Saturday, May 20, 2023

Today’s Saturday Stumper

Today’s Newsday  Saturday Stumper is by “Lester Ruff,” Stan Newman, the puzzle’e editor. It was an easier (less rough) Stumper, but that didn’t stop me from missing by one square, at the intersection of 34-D, four letters, “It means ‘little’” and 42-A, twelve letters, “Emma Watson’s Little Women sister.”

The problem (for me): there are two equally plausible possibilities for 34-D, and if you don’t know how to spell the name of Emma Watson’s Little Women sister — that is, the name of the actor who plays that sister — you might have already dropped in the wrong four-letter answer, as I saw I had when I checked the grid. I’m not sure if that intersection is a deliberately tricky spot or an oversight, but I’m going to offer (in the comments) what I think is a better (fairer) 34-D clue.

Some clue-and-answer pairs of note:

1-A, eight letters, “Earned C’s.” Clever, especially as the first six letters might leave you wondering what else to add. My favorite in this puzzle.

1-D, four letters, “Android ancestors.” I remember mine somewhat fondly.

5-D, three letters and 57-A, eight letters, “Spiritual leader’s resource.” I don’t get either answer.

6-D, seven letters, “Second shots.” Takes me back.

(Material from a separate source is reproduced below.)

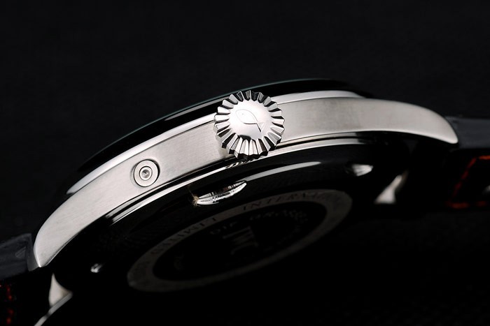 Bracelet: IWC heat embossed black crocodile leather strap with orange thread stitching and IWC engraved brushed stainless steel hook-buckle clasp

7-D, six letters, “Word from the Greek for ‘milk.’” I learned it from a friend not long ago.

15-A, eight letters, “Cleaner named for its ‘round-the-clock’ value.” Cleaner? Eww.

29-D, six letters, “Biblical commissioner.” Heh.

52-D, four letters, “Galileo’s ‘sunlight, held together by water.’” I took a (good) guess.

61-A, six letters, “Head rest in the Beatles’ ‘Octopus’s Garden.’” Whaddaya know? The word is indeed in the lyrics.

62-A, eight letters, “Request for inspirational assistance.” I thought this clue must be a pun about breathing.

No spoilers; the answers are in the comments.

Friday, May 19, 2023

Great Lives: Terry Hall

The BBC Radio 4 broadcast Great Lives looks at the life of Terry Hall, lead singer of the Specials.

I’ve been following Great Lives for more than three years. This episode is one of the best I’ve heard.

A related post
Terry Hall (1959–2022)

Turn on your hazard lights, &c.

What with people taking to the highways this time of year, I thought I’d repost some suggestions I wrote out in 2011:

If you’re driving on a highway and the traffic suddenly slows or stops, and the vehicles behind you are at some distance:

1. Turn on your hazard lights.

2. Leave significant space between you and the vehicle in front of you.

3. Keep checking your rear-view mirror.

4. After someone has come up behind you, turn your hazard lights off.

If someone coming up behind you is not paying full attention, your hazard lights might catch their eye and prompt them to slow down or stop in time. If not, the free space in front of your vehicle might lessen the severity of a collision.

I called the Illinois State Police to ask what they thought about using hazard lights in this way. A desk sergeant said it was the right thing to do and added the second and third suggestions. I've added the fourth for clarity. Please, pass them on.

[What prompted me to think about these things? Driving on interstates through rain and fog and using hazard lights when traffic suddenly slowed and I was the last in line. I also left significant space and checked my mirror, but I do those things without thinking and would not have thought to recommend them.]

Thursday, May 18, 2023

Rapture

Martin Dressler has been looking at the advertisements in the cars of the horse railway lines. He has an idea about how to advertise the Metropolitan Lunchroom and Billiard Parlor.

Steven Millhauser, Martin Dressler: The Tale of an American Dreamer (1996).

It’s only 1894, and Martin has anticipated the Sachplakat approach to advertising — the single striking image — that was to develop in the early twentieth century. He’s a man ahead of the times.

Related reading
All OCA Steven Millhauser posts (Pinboard)

Turn off YouTube voiceover

“A royal blue background fills the screen with white words at its center: Sony Digital Classics. Close blurry glimpses of white letters resolve into words on a black background: Topic Studios.”

And we who rented the movie would spend half an hour or so trying to figure out how to turn off the voice that was telling us what we were seeing on our TV screen.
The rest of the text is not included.